WASHINGTON, DC, February 28, 2008 (ENS) – Today, the U.S. Fish and Wildlife Service released revised plans to establish critical habitat for Canada lynx in Idaho, Maine, Minnesota, Montana, Washington and Wyoming. The new habitat protection plan is in response to an investigation that found that a Bush administration political appointees interfered with the scientific process in the original decision.

“The possibility of stronger protection for the Canada lynx is welcome news,” said Tara Thornton, Northeast representative for the Endangered Species Coalition, a national network of hundreds of conservation, scientific, religious, sporting, outdoor recreation, business and community organizations.

“The exclusion of lynx habitat throughout the country during the first designation was purely political and lacked scientific support,” Thornton said. “These are beautiful cats that play an important role in northern forest ecosystems and we need to protect the lands they need to survive.”


The Canada lynx
(Photo courtesy BLM)

Today’s proposal would add 40,913 square miles to the 1,841 square miles of critical habitat for the lynx proposed previously, bringing the total to 42,753 square miles. The new rule may have an impact on land use decisions and development in the affected states.

The Canada lynx is one of seven species that warrant revision the Fish and Wildlife Service decided after former Interior Deputy Assistant Secretary Julie MacDonald was found to have improperly influenced endangered species decisions. She resigned in disgrace May 1, 2007.

After meeting with timber and development interests Maine Forest Council and Plum Creek, MacDonald ordered Fish and Wildlife Service employees working on the ruling to exclude Plum Creek lands and pressured mapping scientists to minimize the animals’ critical habitat.

Consequently, all private commercial forestland and all U.S. Forest Service lands were removed from the final habitat designation of the Canada lynx. This interference resulted in large-scale reduction in critical habitat for the lynx, a species dependent upon the cold and moist forests of Canada and the northern United States.

According to documents obtained from the federal agency by environmental groups, Plum Creek requested an exemption for all 958,000 acres of its lands in Maine and Montana that were proposed for lynx critical habitat. The corporation owns 8.2 million acres in 20 states, and is one of the largest private owners of lynx habitat in the United States.

Conservation organizations have pointed out that exempting Plum Creek’s lands would significantly reduce the chances for lynx populations to recover from the brink of extinction, while facilitating Plum Creek’s conversion of forestlands to real estate development.

In May 2007 regional Fish and Wildlife Service employees came up with a list of 15 species that potentially were affected by MacDonald’s decision-making.

In July 2007, the Service announced it would review only eight of the species identified.
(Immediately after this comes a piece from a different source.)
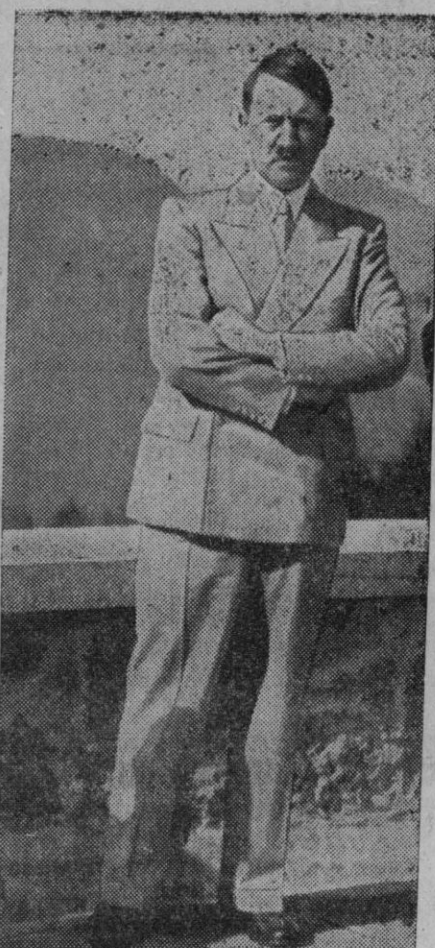
El Canciller Hitler, que hoy recibirá a Mr. Chamberlain en Obersalzberg

Más de 3.000 sudetes han atravesado la frontera checo-alemana

Then, in November 2007, the Service announced that seven of the eight species decisions do warrant revision, including the decision on lynx habitat.

According to the Endangered Species Coalition, the Bush administration review of endangered species decisions does not go far enough to find and address the systemic problems within the Interior Department.

Several conservation groups’ research indicates that as many as 50 endangered species decisions warrant review and possible revision.

Information obtained thru Freedom of Information Act requests demonstrate political interference and scientific manipulation occurred with regard to these decisions, the conservationists say.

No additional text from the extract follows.